Cervical cancer is the second most common gynecological malignancy, which immensely threatens the wellbeing of women. However, the pathogenesis of cervical cancer is still unclear. Using tandem mass tags-labeled quantitative proteomic technology and bioinformatics tools, we analyzed the exfoliated cervical cells from the normal and cervical cancer groups to establish a cancer-specific protein profile, thereby identifying key proteins related to cervical oncogenesis. When compared with the normal group, a total of 351 differentially expressed proteins were identified in the cervical cancer group, including 247 up-regulated and 104 down-regulated proteins. Gene ontology function annotation revealed that the differentially expressed proteins were mainly involved in the single-multicellular organism process, multicellular organismal process, and negative regulation of biological process. These proteins were discerned to play a role in the extracellular membrane-bounded organelle, exosome of cell components, protein binding, structural molecule activity, and enzyme binding of molecular functions.
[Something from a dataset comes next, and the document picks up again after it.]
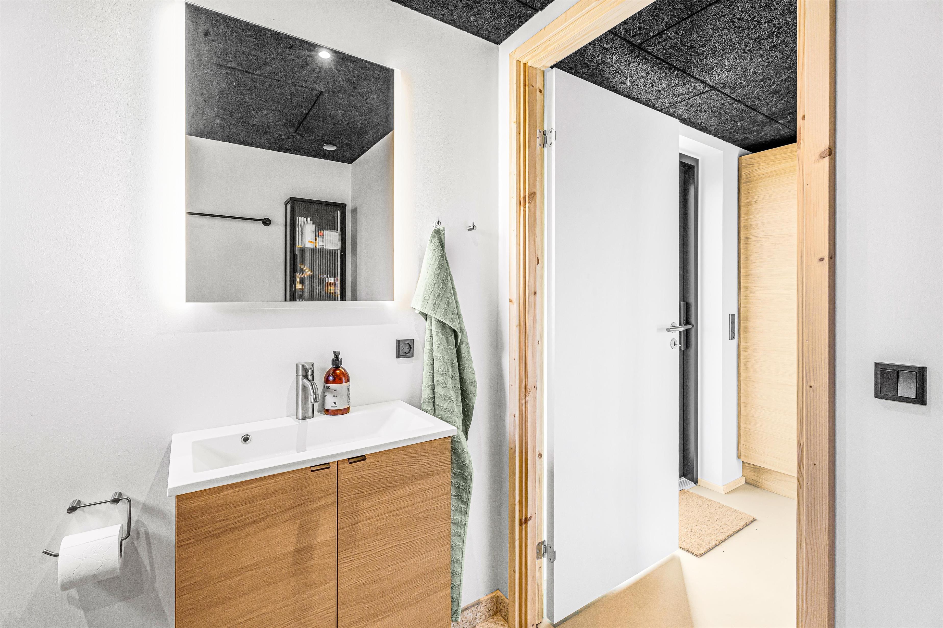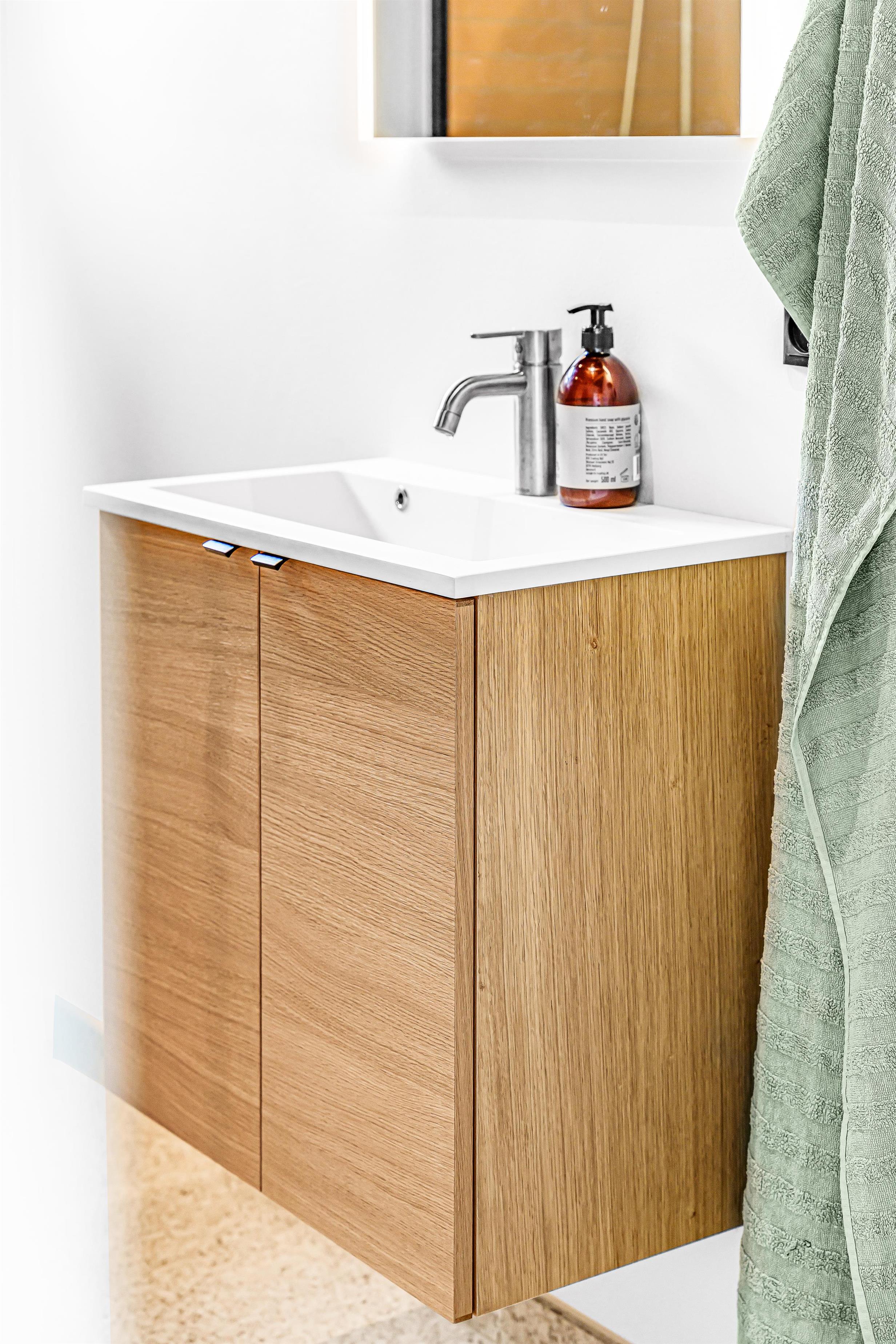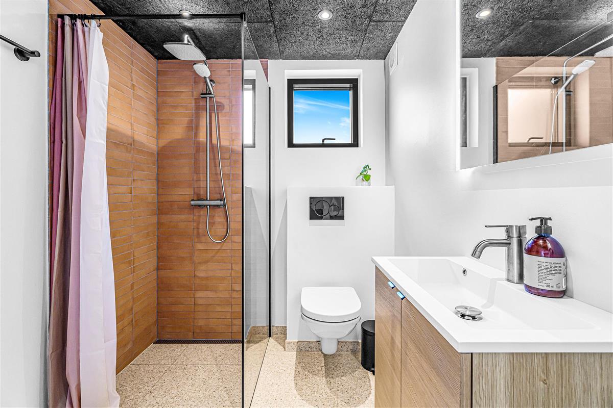 Das Haus verfügt über ein schönes Badezimmer mit Toilette, Waschbecken, Dusche und wird mit Fußbodenheizung beheizt.

The results of Kyoto Encyclopedia of Genes and Genomes signaling pathway enrichment proved that these differentially expressed proteins were mainly involved in PI3K -Akt, ECM-receptor interaction, complement and coagulation cascades, and other signaling pathways. Particularly, peroxiredoxin-2 may be involved in cervical tumor oncogenesis through inhibition of apoptosis signaling. Significance: In this study, we determined that the proteins of the cervical cancer group exhibited qualitative and quantitative changes, and a total of 351 differentially expressed proteins were identified. The functions and signaling pathways of these differentially expressed proteins have laid a theoretical foundation for elucidating the molecular mechanism of cervical cancer.